*TASK ITEM*.
Only the lines from the one that contains "Een stilleven waarin" through the last line of the data below should be duplicated, exactly and without pictures.

*DATA IN THIS EXERCISE*.
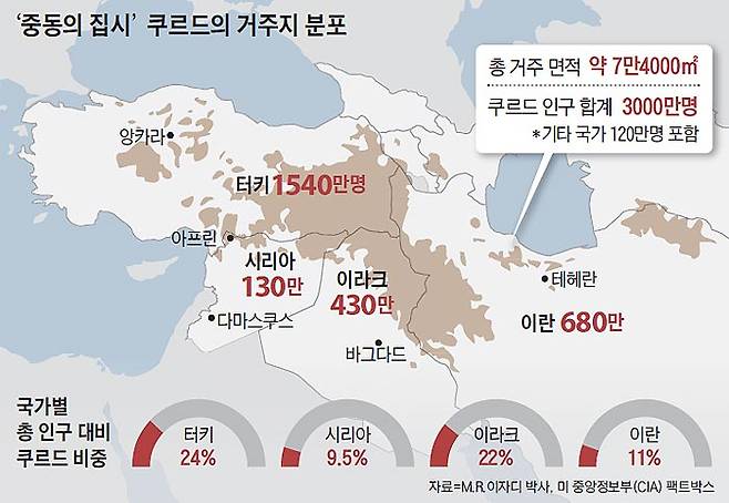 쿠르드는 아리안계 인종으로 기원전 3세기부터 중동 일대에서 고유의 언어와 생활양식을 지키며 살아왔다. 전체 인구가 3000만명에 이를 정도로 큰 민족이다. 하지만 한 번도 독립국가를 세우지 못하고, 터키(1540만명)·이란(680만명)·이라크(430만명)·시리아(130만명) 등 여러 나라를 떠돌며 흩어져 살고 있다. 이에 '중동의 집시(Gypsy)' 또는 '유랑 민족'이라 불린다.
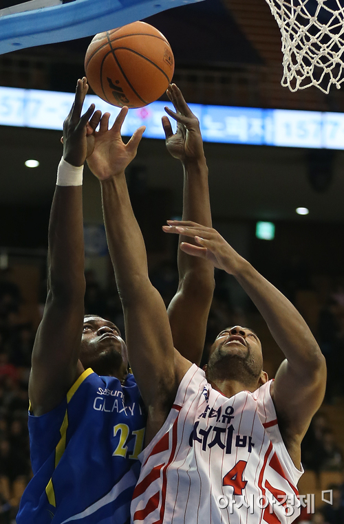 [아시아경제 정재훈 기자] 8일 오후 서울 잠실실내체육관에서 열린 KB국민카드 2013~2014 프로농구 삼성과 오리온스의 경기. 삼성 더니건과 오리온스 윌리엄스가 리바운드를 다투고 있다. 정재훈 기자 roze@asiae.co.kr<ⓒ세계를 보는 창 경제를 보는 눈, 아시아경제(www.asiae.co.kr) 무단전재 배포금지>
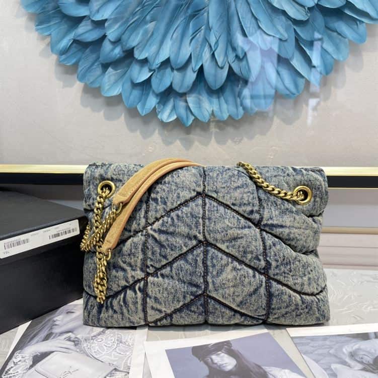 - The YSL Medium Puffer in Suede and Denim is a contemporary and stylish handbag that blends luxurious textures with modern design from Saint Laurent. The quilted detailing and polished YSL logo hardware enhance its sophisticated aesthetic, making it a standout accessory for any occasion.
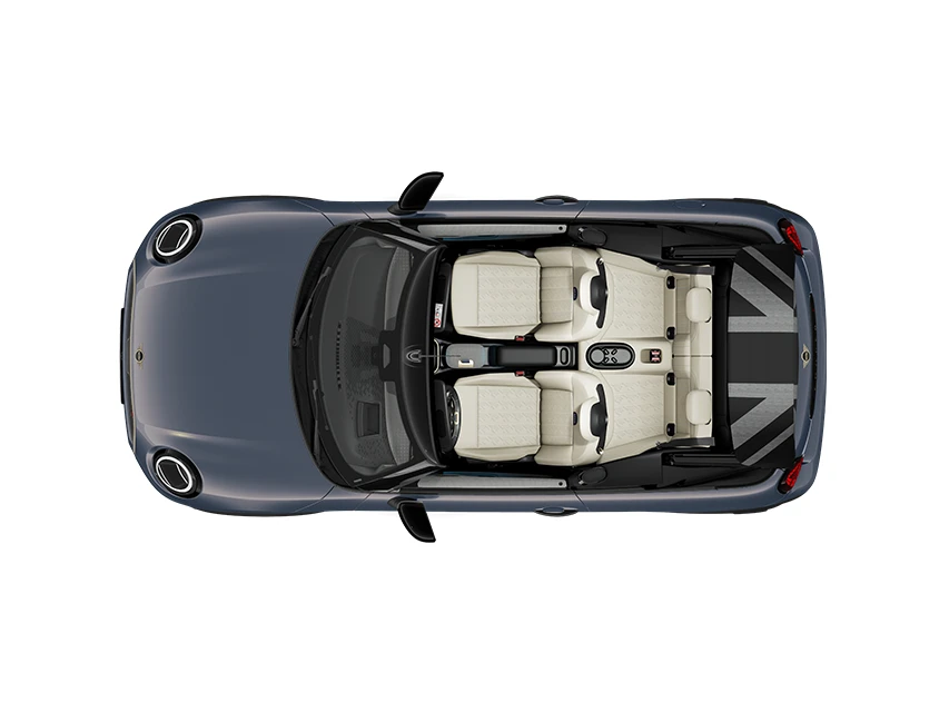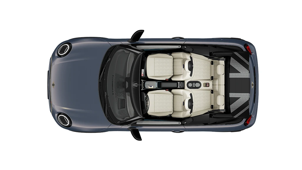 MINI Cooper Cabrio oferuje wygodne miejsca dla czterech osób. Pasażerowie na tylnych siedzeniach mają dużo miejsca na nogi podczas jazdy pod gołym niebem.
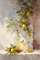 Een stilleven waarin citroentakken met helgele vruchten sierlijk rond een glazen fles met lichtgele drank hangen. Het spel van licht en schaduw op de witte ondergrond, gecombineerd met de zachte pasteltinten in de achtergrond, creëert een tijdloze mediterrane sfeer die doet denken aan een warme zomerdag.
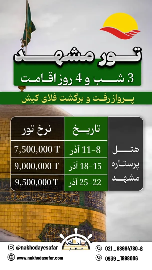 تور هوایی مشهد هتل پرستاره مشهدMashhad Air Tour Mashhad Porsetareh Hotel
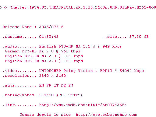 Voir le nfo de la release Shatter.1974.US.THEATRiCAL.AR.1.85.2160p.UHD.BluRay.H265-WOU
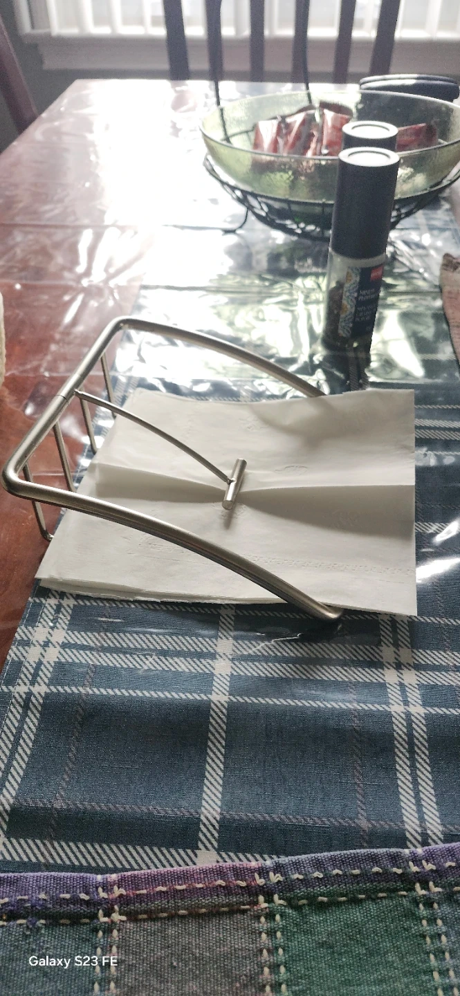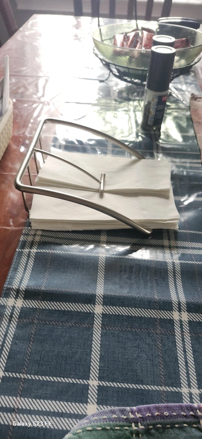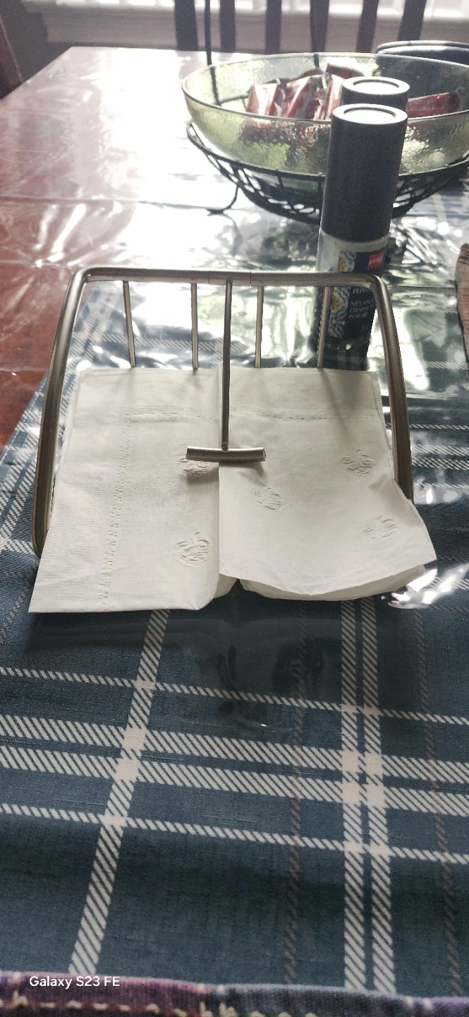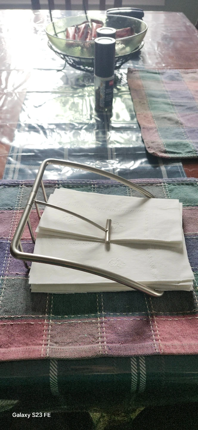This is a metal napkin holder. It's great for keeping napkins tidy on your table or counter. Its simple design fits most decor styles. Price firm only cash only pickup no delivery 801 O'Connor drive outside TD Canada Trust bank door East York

*COMPLETED TASK*.
 Een stilleven waarin citroentakken met helgele vruchten sierlijk rond een glazen fles met lichtgele drank hangen. Het spel van licht en schaduw op de witte ondergrond, gecombineerd met de zachte pasteltinten in de achtergrond, creëert een tijdloze mediterrane sfeer die doet denken aan een warme zomerdag.
 تور هوایی مشهد هتل پرستاره مشهدMashhad Air Tour Mashhad Porsetareh Hotel
 Voir le nfo de la release Shatter.1974.US.THEATRiCAL.AR.1.85.2160p.UHD.BluRay.H265-WOU
This is a metal napkin holder. It's great for keeping napkins tidy on your table or counter. Its simple design fits most decor styles. Price firm only cash only pickup no delivery 801 O'Connor drive outside TD Canada Trust bank door East York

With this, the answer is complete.